### [Problem]
Once you find the line with "The lake area" in the data below, transcribe exactly each line from there to the line with "и контакты https://t.me/oprodukte100", inclusive, and nothing else. Drop the pictures.

----- Source material

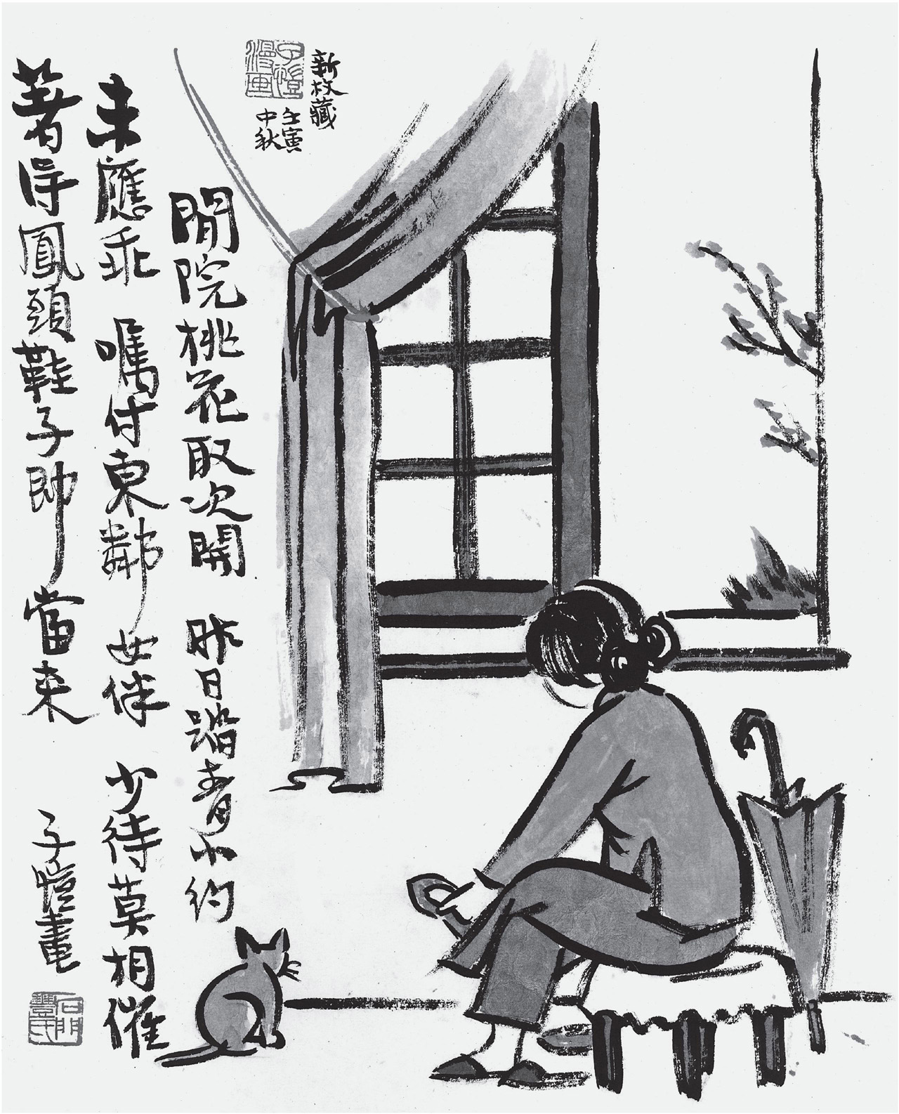 而丰子恺先生的绘画描绘出了“着得凤头鞋子即当来”的画面。也许是由于画面安排所需,丰先生在题字中改动了一个字,把蒲松龄的“闲阶”改为“闲院”——院子里有一枝桃花探出在窗前。
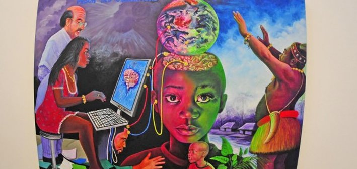 Дух многонационального творческого разнообразия так и витает в воздухе, на выставке можно увидеть даже настоящие афганские ковры, но персидские мотивы заменены образам войны времени советско-афганского конфликта. О социальном неравенстве, об эксплуатации и колониальной зависимости Африки говорит Ромуальд Азуме - художник из народности йоруба. Его работа «Груз» представляет собой ржавый скутер с канистрой, в которой контрабандой перевозили нефть из Нигерии.
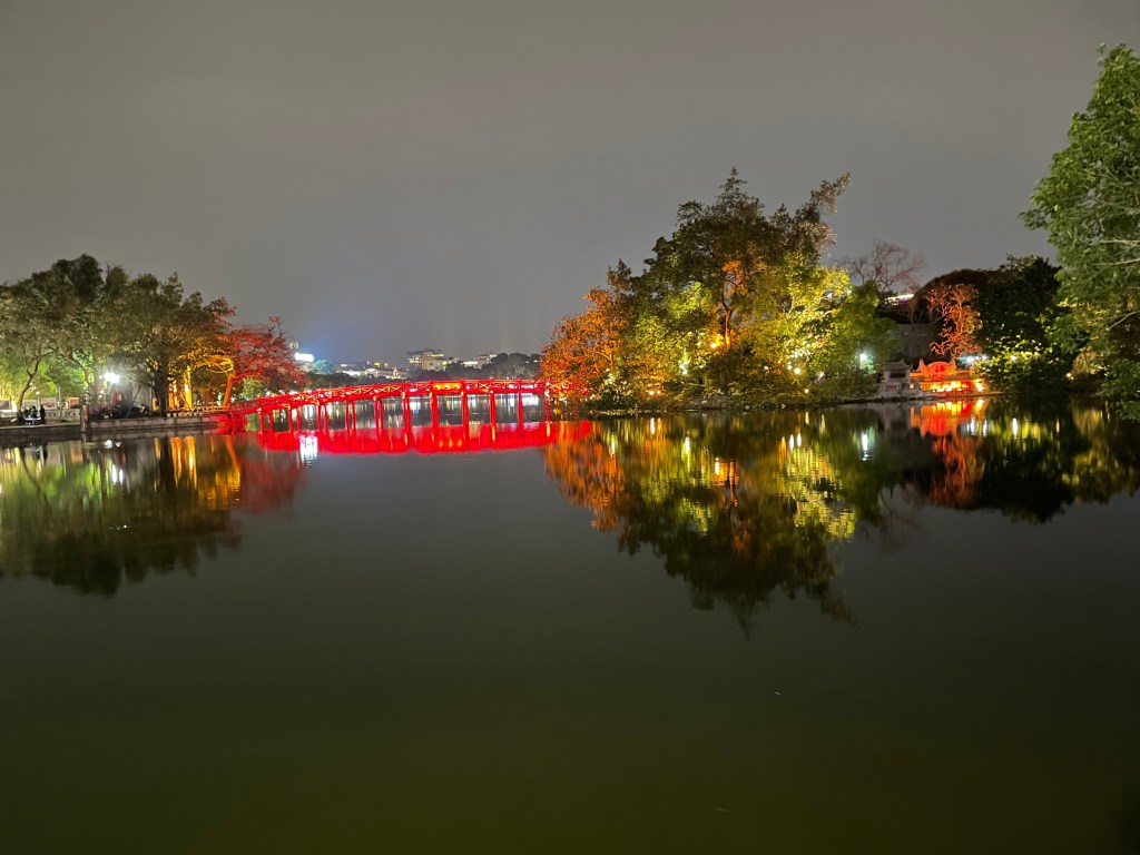 The lake area had been cordoned off and there was no traffic. After days of dodging motorbikes and listening to the constant whine and hum of the engines – it was blissfully calm. Everyone was out taking photos on New Years Eve. Lots of people in red.
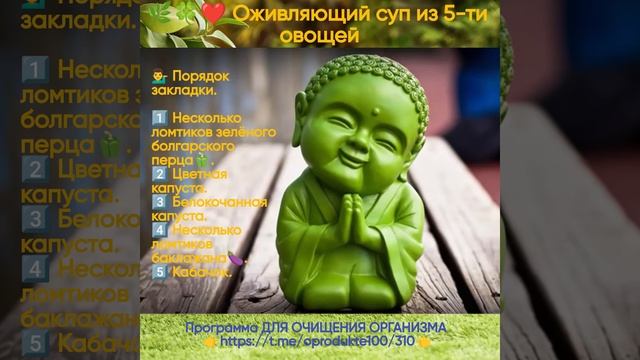 💁♂️🌿🍀❤️ Оживляющий суп из 5-ти овощей для 2-го этапа выхода из длительного голодания (больше 30 дней). Зелёные овощи варятся до мягкого состояния. Без соли. 🧑🍳 Порядок закладки. 1️⃣ Несколько ломтиков зелёного болгарского перца🫑. 2️⃣ Цветная капуста. 3️⃣ Белокочанная капуста. 4️⃣ Несколько ломтиков баклажана🍆. 5️⃣ Кабачок. Вначале на большое количество воды берётся немного овощей. Варятся двадцать, двадцать пять минут. Должны стать совсем мягкими. В следующие дни, постепенно, количество овощей можно увеличивать, а время варки уменьшать. Пока не начнёт получаться густой суп. После этого можно добавить немного оливкового масла в суп. Для начала не более полчайной ложки. Если организм отреагирует хорошо, количество масла можно немного увеличить. Через несколько дней такой диеты. Можно переходить к 3-му этапу выхода из голодания. Мой ТЕЛЕГРАМ КАНАЛ и контакты https://t.me/oprodukte100
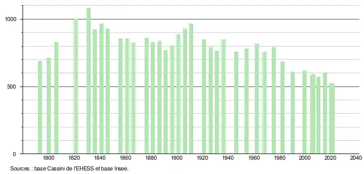 L'évolution du nombre d'habitants est connue à travers les recensements de la population effectués dans la commune depuis 1793. Pour les communes de moins de 10 000 habitants, une enquête de recensement portant sur toute la population est réalisée tous les cinq ans, les populations légales des années intermédiaires étant quant à elles estimées par interpolation ou extrapolation[19]. Pour la commune, le premier recensement exhaustif entrant dans le cadre du nouveau dispositif a été réalisé en 2005[20].
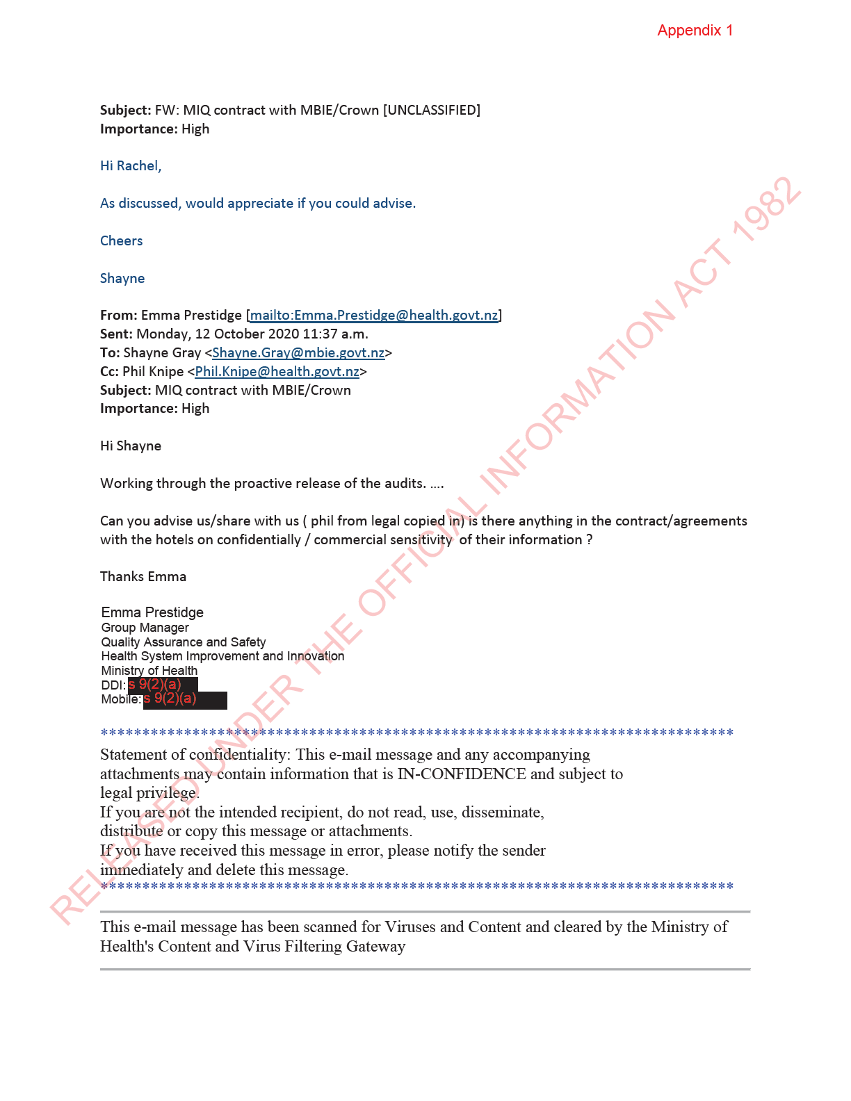 Subject: FW: MIQ contract with MBIE/Crown [UNCLASSIFIED]
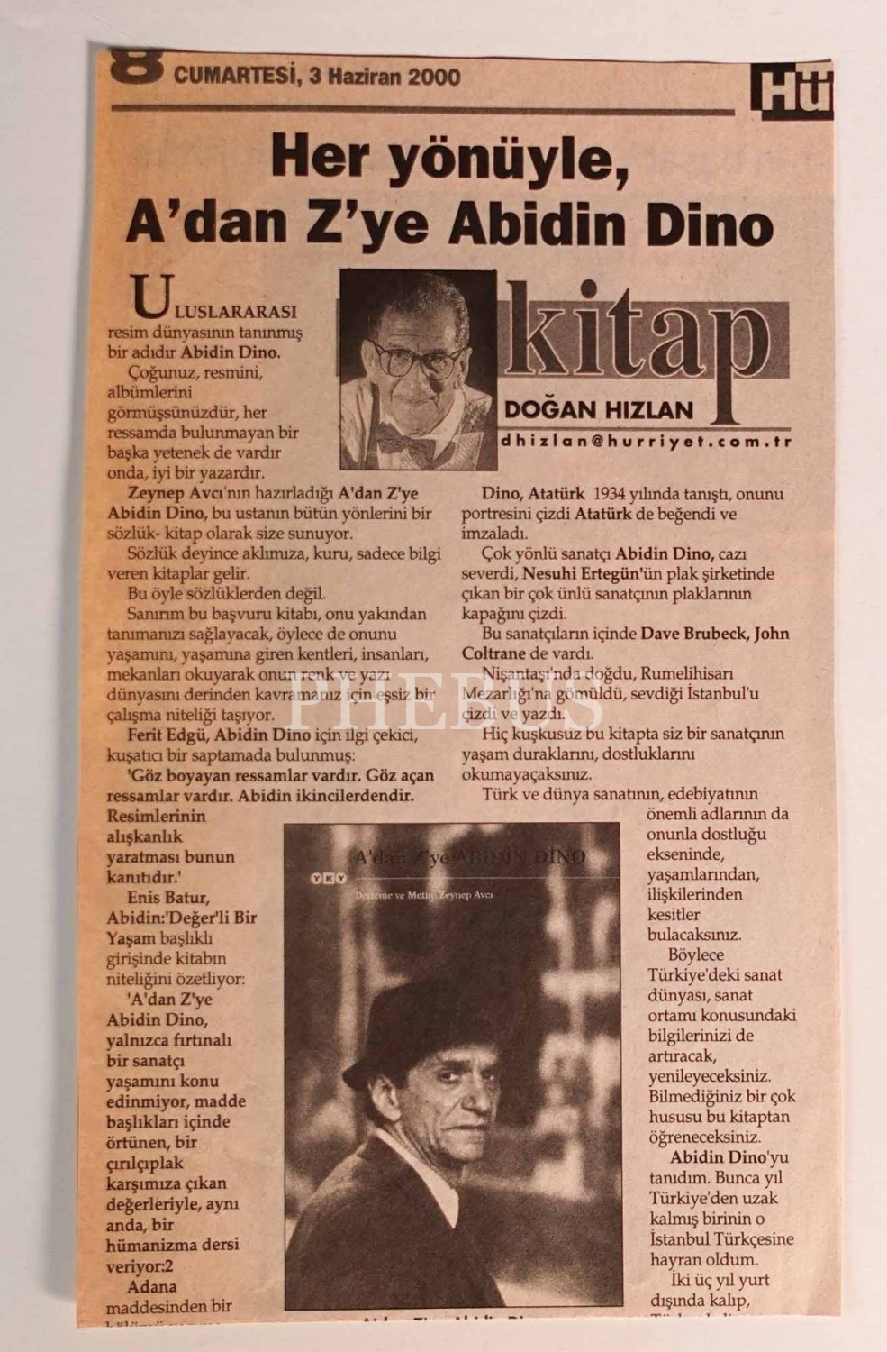 Abidin Dino ile alakalı bir gazete küpürü içerisindedir.
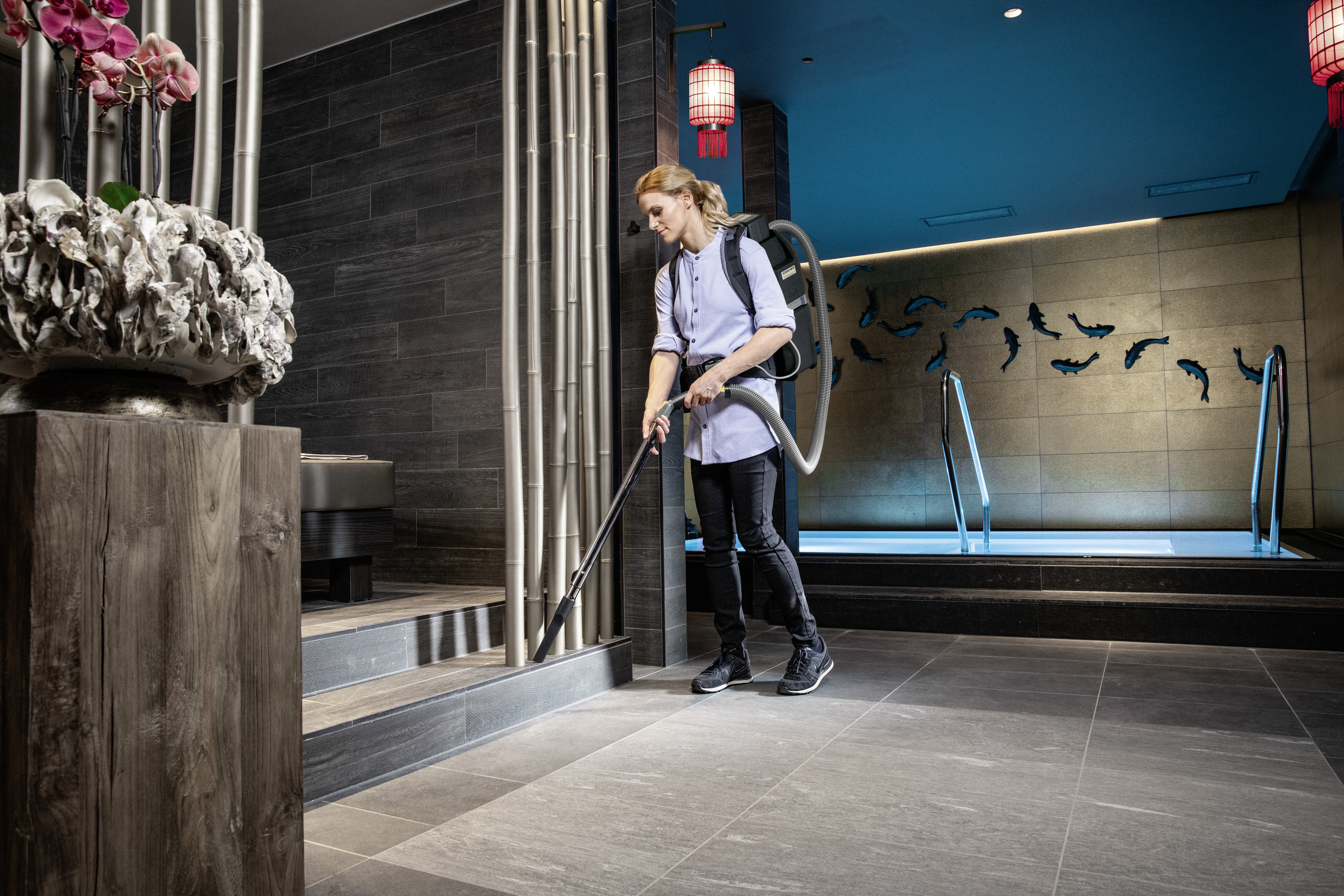 Unser ultraleichter, leistungsstarker und akkubetriebener Rucksacksauger BVL 5/1 Bp ist der erste Sauger, der dank des innovativen EPP-Materials nur < 4,6 kg (Rückentragegewicht) wiegt und dessen Materialeigenschaften gleichzeitig eine besondere Robustheit und Langlebigkeit ermöglichen. Mit einer Leistung von 500 Watt, langer Akkulaufzeit und einem 5 Liter großen Sammelbehälter ist der Rücken-Staubsauger überall dort erste Wahl, wo enge Platzverhältnisse die Reinigungsarbeiten erschweren – ob im Kino, im Flugzeug, in Bussen, Bahnen, bei der Büroreinigung oder auch auf Treppen. Das ergonomische Tragegestell und die durchdachte Bedienung, bei der alle wichtigen Betriebs- und Zusatzfunktionen über ein Bedienfeld am Hüftgurt gesteuert werden, sowie das einfache, für Rechts- und Linkshänder ausgelegte Handling sorgen für komfortables, ermüdungsfreies Arbeiten. Der bürstenlose EC-Motor ist zudem sehr beständig gegen Verschleiß. Diverse Zubehöre werden mitgeliefert, auch ein HEPA-14-Filter ist optional erhältlich. Bitte beachten Sie bei Ihrer Bestellung, dass bei dieser Geräteversion der kraftvolle Kärcher Battery Power+-Akku sowie das zugehörige Ladegerät separat zu bestellen sind.

----------

### [Result of the exercise]
 The lake area had been cordoned off and there was no traffic. After days of dodging motorbikes and listening to the constant whine and hum of the engines – it was blissfully calm. Everyone was out taking photos on New Years Eve. Lots of people in red.
 💁♂️🌿🍀❤️ Оживляющий суп из 5-ти овощей для 2-го этапа выхода из длительного голодания (больше 30 дней). Зелёные овощи варятся до мягкого состояния. Без соли. 🧑🍳 Порядок закладки. 1️⃣ Несколько ломтиков зелёного болгарского перца🫑. 2️⃣ Цветная капуста. 3️⃣ Белокочанная капуста. 4️⃣ Несколько ломтиков баклажана🍆. 5️⃣ Кабачок. Вначале на большое количество воды берётся немного овощей. Варятся двадцать, двадцать пять минут. Должны стать совсем мягкими. В следующие дни, постепенно, количество овощей можно увеличивать, а время варки уменьшать. Пока не начнёт получаться густой суп. После этого можно добавить немного оливкового масла в суп. Для начала не более полчайной ложки. Если организм отреагирует хорошо, количество масла можно немного увеличить. Через несколько дней такой диеты. Можно переходить к 3-му этапу выхода из голодания. Мой ТЕЛЕГРАМ КАНАЛ и контакты https://t.me/oprodukte100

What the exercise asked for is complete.